HB 1687-S2.E - DIGEST

 

                      (DIGEST AS ENACTED)

 

     Revises fee provisions relating to employers.

     Establishes procedures when the federal government is named as a garnishee defendant.

 

 

VETO MESSAGE ON HB 1687-S2

                   May 9, 1997

To the Honorable Speaker and Members,

  The House of Representatives of the State of Washington

Ladies and Gentlemen:

     I am returning herewith, without my approval as to section 11, 12, 14, 17 and 18, Engrossed Second Substitute House Bill No. 1687 entitled:

"AN ACT Relating to wage garnishment;"

     This legislation makes several positive changes to the law governing garnishment of wages.  Among other improvements, it increases the handling fee that employers may deduct from wages, and provides employers with a second notice before they are subject to penalties for errors they may have made in compliance with garnishment orders.

     I agree with recognizing the important role employers play as partners in the collection of support owed to custodial parents.  Where it can be made easier for employers to collect money owed to custodial parents, without harming the interests of families, we should do so.  It is for this reason that I am in support of much of this bill.

     Sections 11 and 12 would eliminate the requirement that an employer keep a record of the child support order for one year after the obligor leaves employment.  They would allow the employer to dispose of the garnishment record as soon as the obligee leaves employment and final wages are paid.  Where there is seasonal employment or other interruptions in employment, the obligor would be required to continually repeat the garnishment procedure, and that could needlessly deprive the custodial parent of support or even to bring about the need for public assistance.  I have vetoed these sections, as well as Section 14 which describes the order to withhold, because of the risk to the well-being of families that this change would create.
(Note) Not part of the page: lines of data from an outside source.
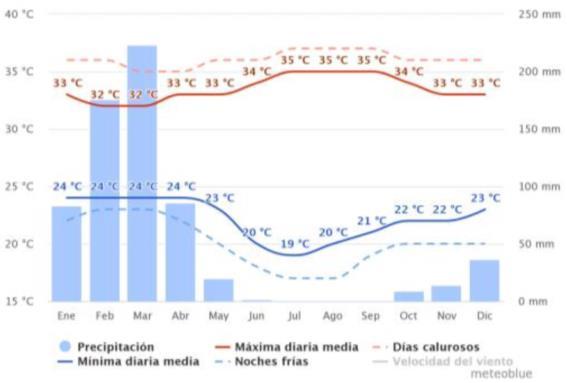 CLIMA 1 Asoleamiento Enero a Abriltemporada mas mojada Abril hasta enero temporada mas secaVientos de sur a norte deRosavientos Viento de suroeste a noreste Precipitación Temperatura máxima y mínima promedio en Tambo Grande Durante el transcurso del año, la temperatura generalmente varía de 20 °C a 34 °C y rara vez baja a menos de 18 °C o sube a más de 36 °C
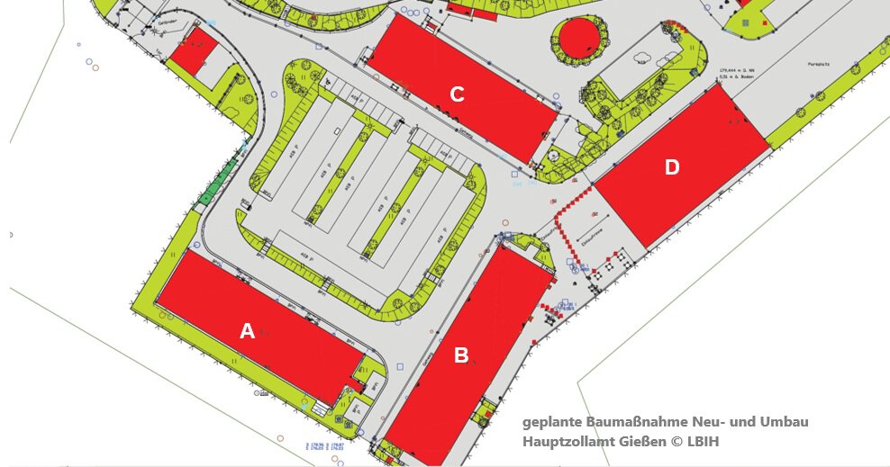 Für das Hauptzollamt Gießen entsteht derzeit ein konzentrierter Standortort für alle Mitarbeiterinnen und Mitarbeiter am Standort der ehemaligen Bergkaserne (An der Kaserne 10-16 in 35394 Gießen). Die Baumaßnahme umfasst den Abriss von Bestandsgebäuden, die Sanierung und den Umbau eines Bestandsgebäudes, Neubauten sowie die Neugestaltung der Freianlagen. Die Übergabe an den Zoll soll im Frühjahr 2029 erfolgen.
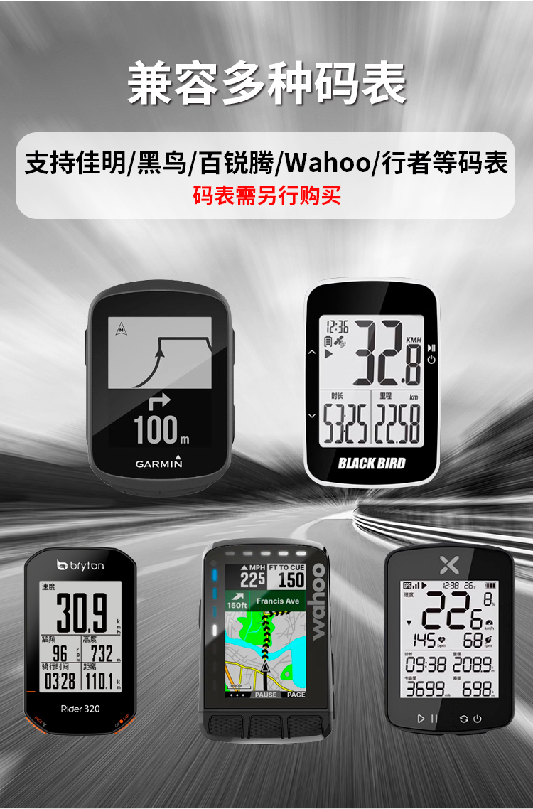 支持碼表:GARMIN全系列(兼用行者/黑鳥/iGPS等),貓眼全系列,百銳騰系列,wahoo系列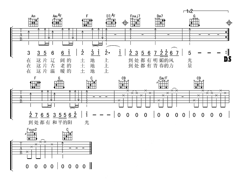 - 我的祖国吉他谱_郭兰英_C调_弹唱六线谱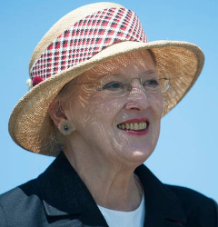 Queen Margrethe and Prince Henrik of Denmark continued their summer cruise tour around Denmark yesterday with a stop in Kerteminde, on the island of Fyn. For this one day visit, Margrethe wore a natural straw hat with a wide band around the crown in the same tartan as her pleated skirt and Henrik repeated his adorable yachting cap. By my archives, Margrethe first wore this hat and skirt combination two years ago when she visited the United Nations in New York. It’s a fine hat that I would like much more if it had a solid coloured ribbon around the crown instead of the plaid band (that’s too much matchy-matchy plaid for me). What do you think?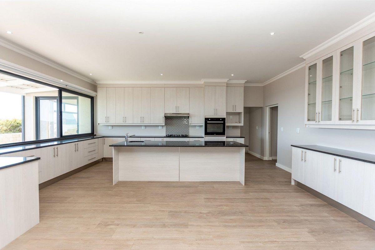 The home offers a generous open-plan kitchen and living area, designed with high ceilings and large windows to maximise natural light. The kitchen is both stylish and functional, fitted with gas hobs, an eye-level electric oven, a large walk-in pantry, and a separate scullery. Sliding doors open onto a north-facing covered patio with partial lagoon views, ideal for relaxed indoor-outdoor living.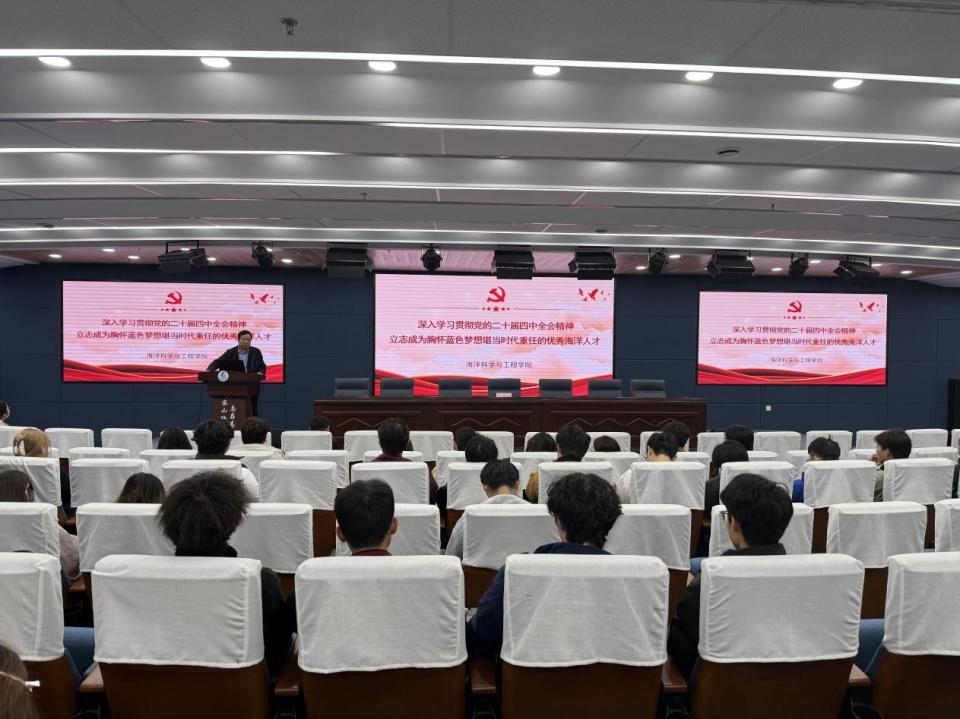 宣讲会上,张国利以《深入学习贯彻党的二十届四中全会精神 立志成为胸怀蓝色梦想堪当时代重任的优秀海洋人才》为题,围绕党的二十届四中全会召开背景、重大意义、核心内容和战略部署等进行了讲解。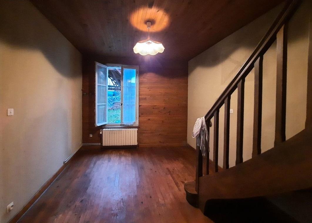 RDC: cuisine, salon, pièce/ bureau et WC avec baignoire sabot.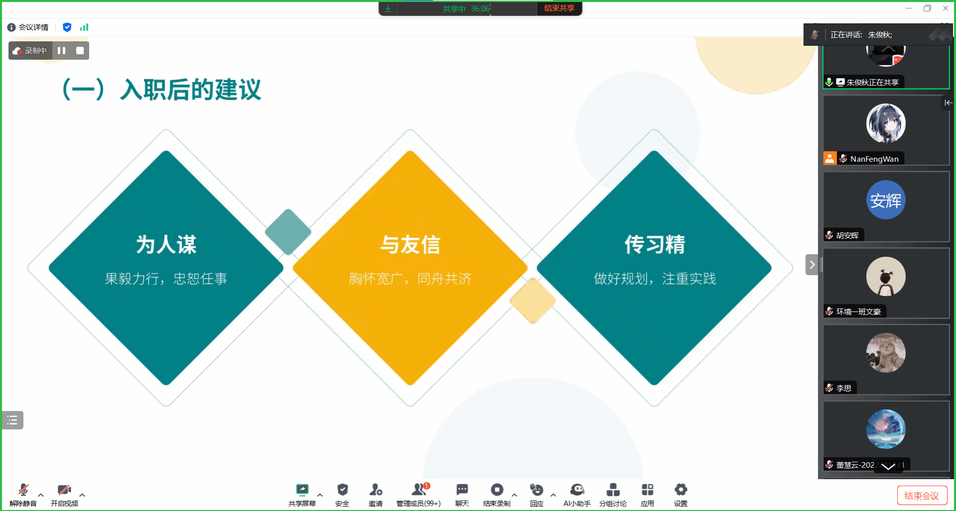 于8月17日启动了环抱梦想启航未来校友分享系列活动,第一期邀请到了三位在环境工程领域取得优异成绩的院友,为同学们讲述自己的成长故事、分享宝贵经验、指明前进方向。学院120余名即将毕业的本研学生参加了本次线上分享活动。

     Section 11 also contains clause that appears to have been designed to limit the liability of employers who fails to withhold earnings as required by a wage assignment order.  As drafted that clause may be ineffective, and could have the unintended consequence of causing overpayment by employers.
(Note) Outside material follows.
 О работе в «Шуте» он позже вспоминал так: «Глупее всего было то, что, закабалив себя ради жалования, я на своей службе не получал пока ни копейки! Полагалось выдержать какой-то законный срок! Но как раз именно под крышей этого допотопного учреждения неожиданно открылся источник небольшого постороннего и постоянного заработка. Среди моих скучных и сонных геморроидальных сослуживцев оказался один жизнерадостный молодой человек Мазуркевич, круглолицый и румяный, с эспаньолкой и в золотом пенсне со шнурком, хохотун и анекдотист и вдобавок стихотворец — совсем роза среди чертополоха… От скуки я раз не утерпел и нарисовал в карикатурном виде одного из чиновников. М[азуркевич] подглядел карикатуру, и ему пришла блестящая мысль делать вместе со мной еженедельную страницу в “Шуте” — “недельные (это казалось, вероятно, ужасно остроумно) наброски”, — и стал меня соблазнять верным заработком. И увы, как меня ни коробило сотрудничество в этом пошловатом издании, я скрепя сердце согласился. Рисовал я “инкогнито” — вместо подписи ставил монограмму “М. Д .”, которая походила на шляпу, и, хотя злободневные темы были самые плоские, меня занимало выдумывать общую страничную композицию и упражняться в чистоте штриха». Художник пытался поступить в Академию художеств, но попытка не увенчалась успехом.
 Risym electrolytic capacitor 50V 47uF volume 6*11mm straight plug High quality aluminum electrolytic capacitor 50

     Section 17 would create a work group to establish a standardized form for garnishment orders.  There is already such a requirement imposed upon the state in federal law and it would be pointless to have a group produce a document that the state would be unable to use.
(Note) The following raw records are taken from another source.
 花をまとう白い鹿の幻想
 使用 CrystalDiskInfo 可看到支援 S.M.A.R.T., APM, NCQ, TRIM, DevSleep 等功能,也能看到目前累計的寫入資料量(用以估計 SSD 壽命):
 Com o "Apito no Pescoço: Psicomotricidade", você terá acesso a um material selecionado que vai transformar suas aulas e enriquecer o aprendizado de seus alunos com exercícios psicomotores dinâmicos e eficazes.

     Section 18 would create a joint task force to study the reorganization of employment reporting requirements so that the office of support enforcement would receive employment information from the employment security department, rather than from private employers.  With the new federal welfare reform, it is essential that the state receive the appropriate employment data at a particular time.  Data from the employment security data would not satisfy the need.  There is no need for this study.

     I do agree that a number of the problems highlighted by this bill would benefit from the task force approach that Section 18 calls for.  I will encourage the secretary of the Department of Social and Health Services to call together a group from within and outside of that agency to examine possible improvements in the partnership between employers, DSHS and relevant state agencies.

     For these reasons I have vetoed sections 11, 12, 14, 17 and 18 of Engrossed Second Substitute House Bill 1687.

     With the exception of sections 11, 12, 14, 17 and 18, Engrossed Second Substitute House Bill 1687 is approved.